E dificil ver se a culpa e do que se passa a nivel de formacao ou do simples facto que o futebol e um desporto cada vez mais global, em que as equipas das ligas de topo recrutam jogadores de todo o mundo. Sendo Portugal um pais pequeno, e normal que o numero de jogadores nas equipas de topo seja pequeno. Alias acho que o numero de portugueses actualmente em equipas de topo e espectacular dada a dimensao do pais e o numero de jogadores jovens federados.
O importante e perceber que a qualidade de futebol de topo aumentou dramaticamente e nao da espaco para promessas, no entanto a qualidade de outras ligas (de paises outrora marginais ou segundas divisoes) aumentou e sao o lugar aonde parte da transicao se pode fazer.
As equipas portuguesas fazem isso com jogadores jovens de outras ligas e os nossos jogadores podem faze-lo noutras ligas.

Bruno Ribeiro disse...

O que eu não percebo - nem compreendo a falta de discussão - é como o João Tomás continua a ser ignorado.
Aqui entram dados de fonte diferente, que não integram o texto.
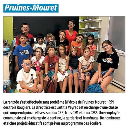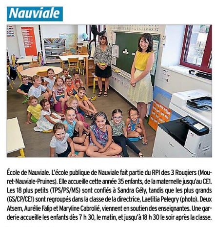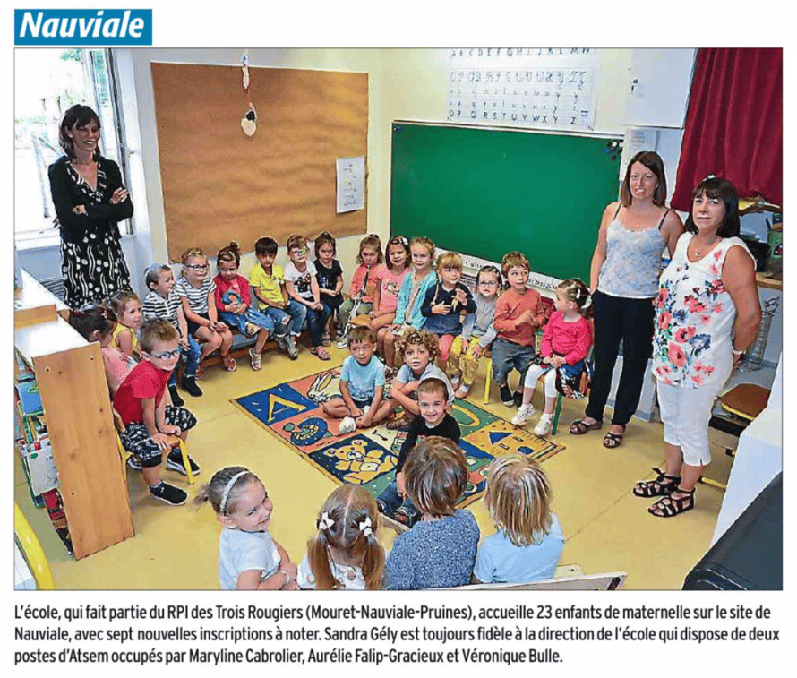 Reprise de l'école réussie pour les élèves de maternelle du RPI Mouret Nauviale Pruines. Les parents ont massivement partagé ce moment ce lundi 2 septembre avec leurs enfants et la directrice du site Sandra Gely accompagnée de Maryline et Aurélie.

Mesmo sendo regularmente o melhor marcador português do nosso campeonato, a jogar no Rio Ave.

Continua a ser o único avançado nacional que demonstra ter o conhecimento do que o conceito de golo é. Deveria ser opção à frente do Nélson Oliveira - independentemente do facto de este ter um tremendo potencial que o tem - e mesmo do Postiga e do Almeida. Estes dois foram convocados pelo nome, e o Nelson pelos patrocínios.

A do Hugo Viana não se percebe, e a desculpa do P. Bento não é mais do que isso mesmo, uma desculpa.

Convenhamos que não é de esperar que passemos a fase de grupos, porque estamos num grupo complicadíssimo, com 2 favoritas ao título, e uma terceira equipa que já demonstrou que nos consegue bater. Se passarmos essa fase, a participação terá de ser considerada um êxito. Há que ser realista.